We had family portraits taken over the holidays, what a gift and a blessing it was! As I was looking over the prints I was transported back in time...
When I was a child and a young adult and I thought about my future, only one word came to my mind: NORMAL!!!! I didn't want to stand out in any way. I wanted long straight hair (lol, to those of you who know me), I wanted to live in a normal house on a normal street with normal neighbors (or any neighbors). I wanted to wear normal clothes and have normal parents who had normal jobs who bought normal food and on and on and on it went....Oh yeah, and I wanted to love a normal God.
I think I spent a lot of my life trying to appear "normal." not really having a whole lot of goals other than that. If I did, they were a vehicle on the ride to "normaltown." My wrong-thinking told me that if I appeared normal, then nobody would look close enough to see the real me.

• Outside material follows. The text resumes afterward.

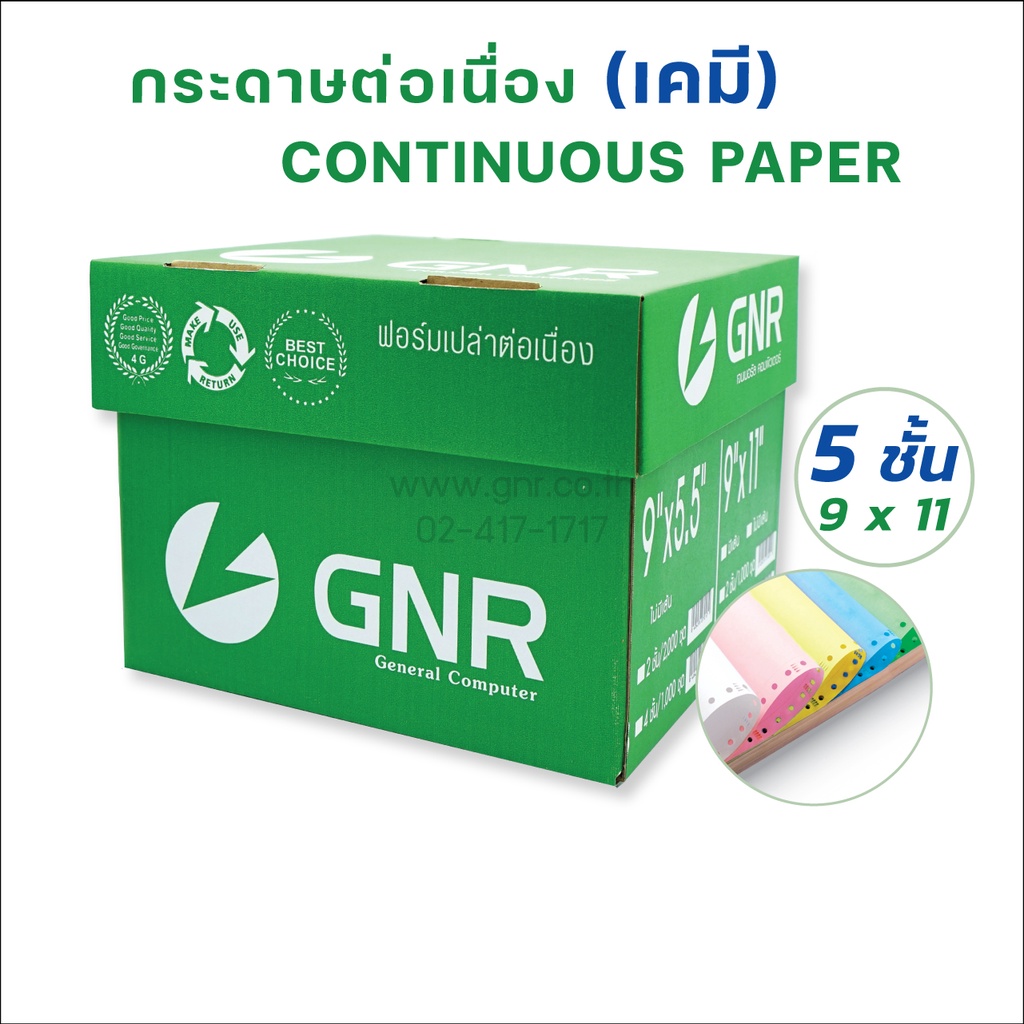 กระดาษเคมีต่อเนื่อง GNR ขนาด 9 X 11 5ชั้น ( สีขาว-ชมพู-เหลือง-ฟ้า-เขียว )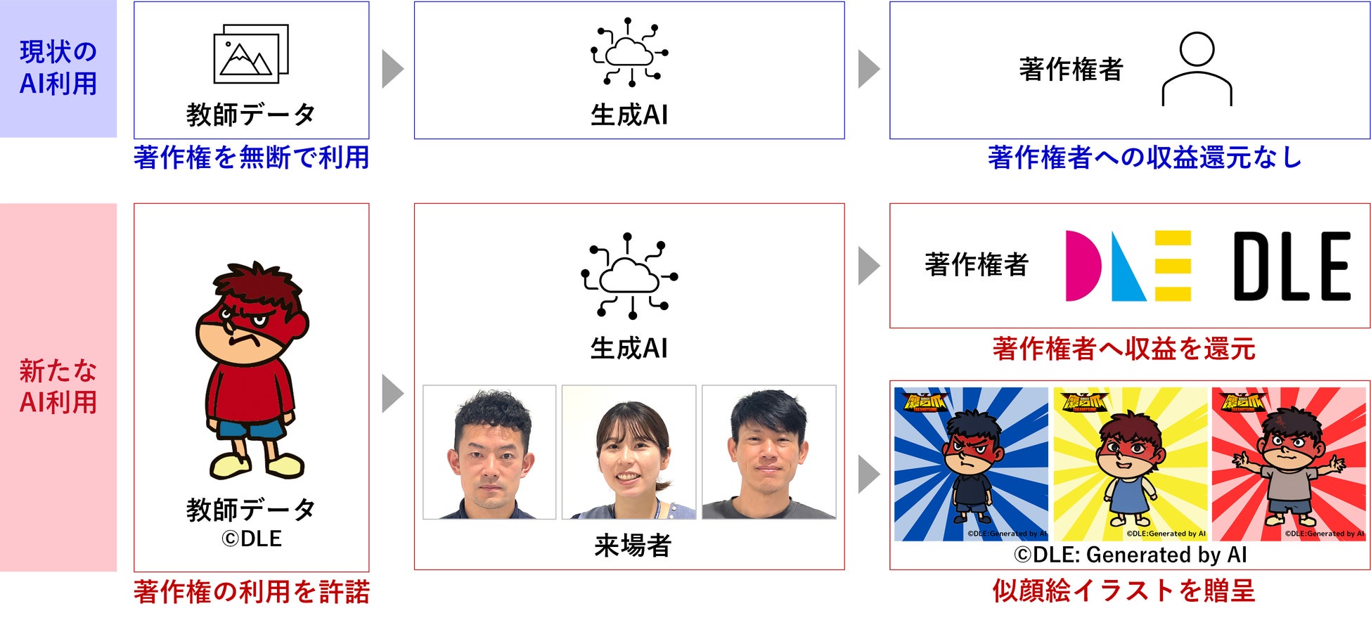 前田建設工業株式会社(本社:東京都千代田区、代表取締役社長:前田操治、以下「当社」)のICI未来共創センター(以下、「同センター」)と株式会社タジク(本社:東京都渋谷区、代表取締役社長:田中義弘、以下「タジク」)は、株式会社光邦(本社:東京都千代田区、代表取締役社長:前田剛宏、以下「光邦」)の技術支援と株式会社ディー・エル・イー(本社:東京都千代田区、代表取締役社長:星秀雄、以下「DLE」)の協力のもと、既存の人気IPホルダーや若手クリエイターの画像を教師データとした画像生成AIにおける著作権利用の対価を、教師データの利用許諾元へ支払うことで、画像生成AIの普及に向け重要となる権利許諾の在り方を提案する試行(以下、「本試行」)を開始しました。

The picture of a perfect life was much more preferable in my mind.
I love my husband so much..He came into my life and loved me whether I was normal or not. He may have thought he got a normal girl, but in time he learned that I was a mess. But you know what? He didn't care, and he is still here, he loves me anyway!
When our boys were young, we did all the normal things in the normal ways. We played sports, went to church, had great friends, family and a normal looking house. I even have a few family portraits to prove it. I could finally rest, I had excelled at being normal. What????

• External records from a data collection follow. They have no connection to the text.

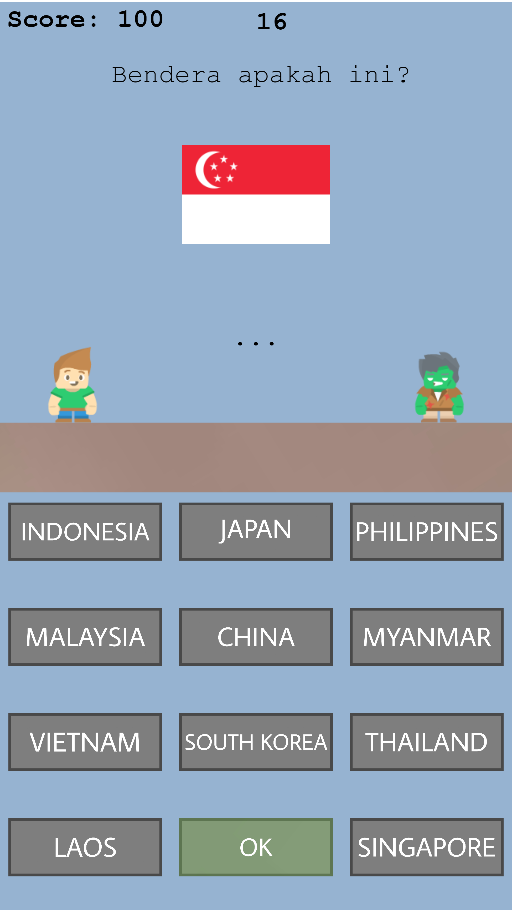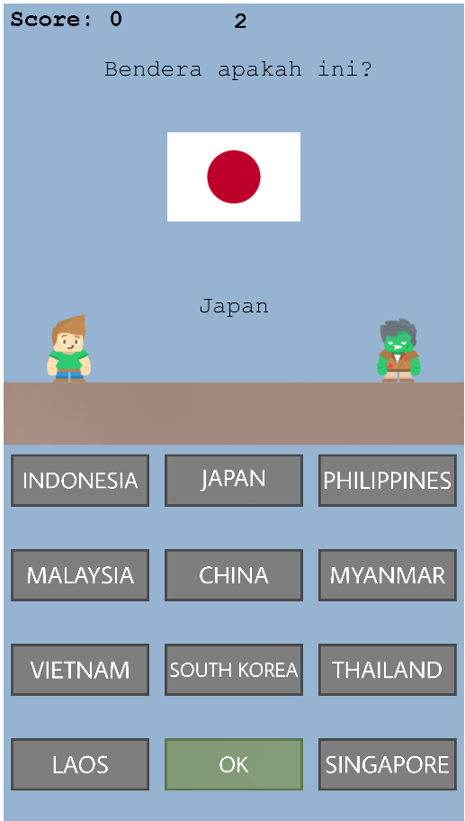 Game tebak-tebakan bendera dunia. Jika bisa menjawab pertanyaan dengan benar, maka player menyerang musuh dan mendapat score. Jika salah, enemy akan membunuhmu.
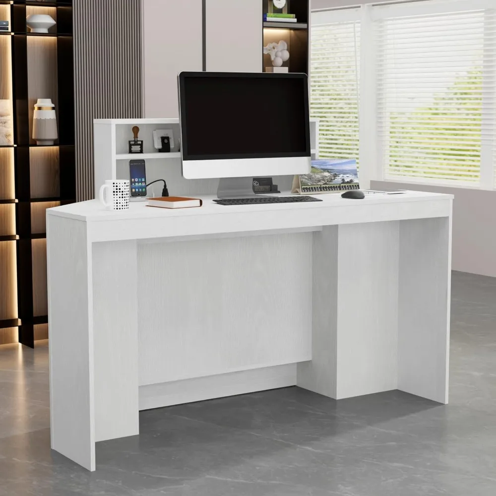 The reception desk is equipped with a power strip that includes two AC outlets and two USB ports for convenient charging of office essentials.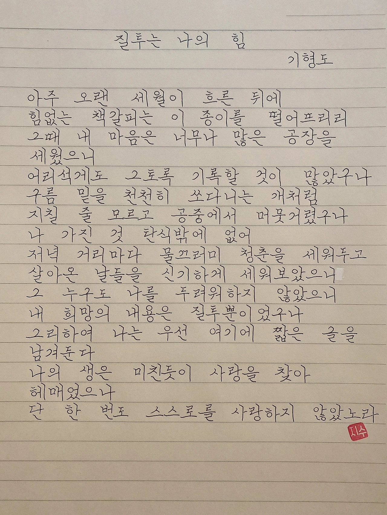 나의 생은 미친 듯이 사랑을 찾아 헤매었으나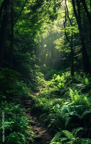 Hiking Trail Through Lush Green Forest with Sunlight Streaming Through Trees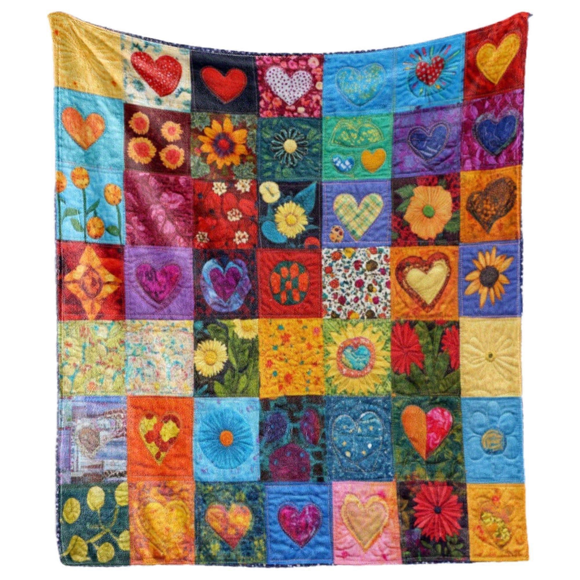Flannel Blanket - Multicolor Patchwork Hearts & Flowers Bedspread, Soft Minky-Like Texture All-Season Bed Cover, Quilt-l-dfghj218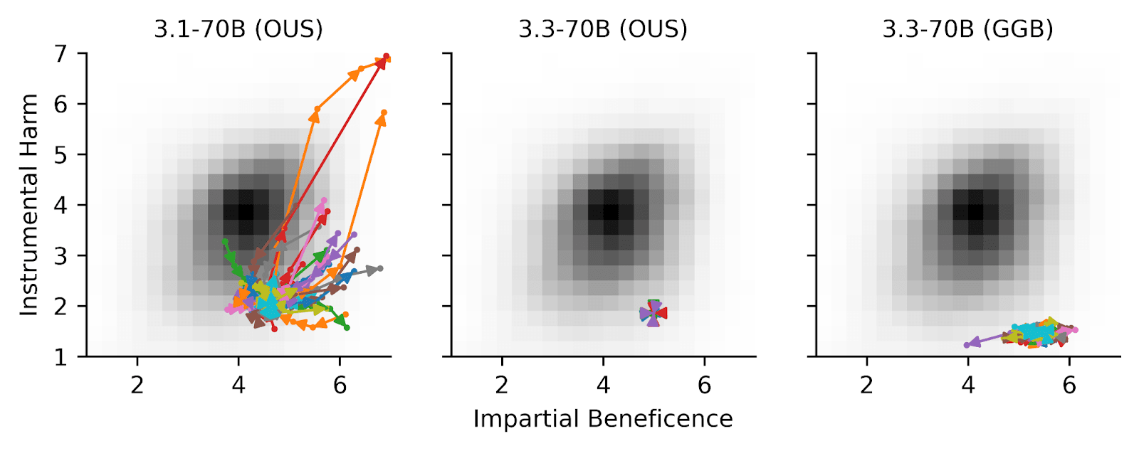 A fascinating shift emerged when Meta updated from Llama 3.1 to 3.3: the newer model proved significantly more resistant to steering, particularly on moral questions. When presented with ethical dilemmas from both the Oxford Utilitarian Scale and the expanded Greatest Good Benchmark, Llama 3.3 held its ground more firmly than its predecessor. Not only was it less steerable, but it also showed notably higher confidence in its responses; see Figure 2.

There was one huge flaw in all of that...Our God is not normal, he can't be put in my box or anyone else's for that matter. He knows that until you let that thing go that you are holding on to sooo tightly, He can't work in your life.
As a result of that, over a series of events, the normal things I held so dear were gone, a flood, a restoration, a beautiful home, a call to a life of service, no permanent roots, NORMAL was gone...
All of these changes were not done at once, it was like the peeling of an onion, a layer at a time, some of those layers were painful, some were liberating (like shedding your shoes and socks and putting on sandals at the end of winter), some were even joyful, but all along, I wasn't alone, The God who was doing this surgery was making me more and more His, I had to worship at His feet, not at the feet of all the idols in normaltown.
I have learned that there is more joy in the chaos of life, that normal is over rated, and who really is normal anyway? That God loves us just where we are, He sees us all as a "beautiful mess." and the best thing is, that I am His "beautiful mess" and so are you.
Now, back to the pictures. I was struggling so hard to find the perfect pose for a frame. With 13-14 of us, there wasn't one single shot where we are all perfect and normal...and then I saw them. There were two pictures; one of my husband and I with all of the grandkids, 4 of them are under three, and they are all screaming except Layla, our big girl. It is hilarious really, but not at all normal. Then there is another, it shows all of the parents and aunts and uncles trying to make the little ones stop crying or look at the family. I asked the photographer to shoot that one! It's my favorite..Happiness dwells where Normal ends for me!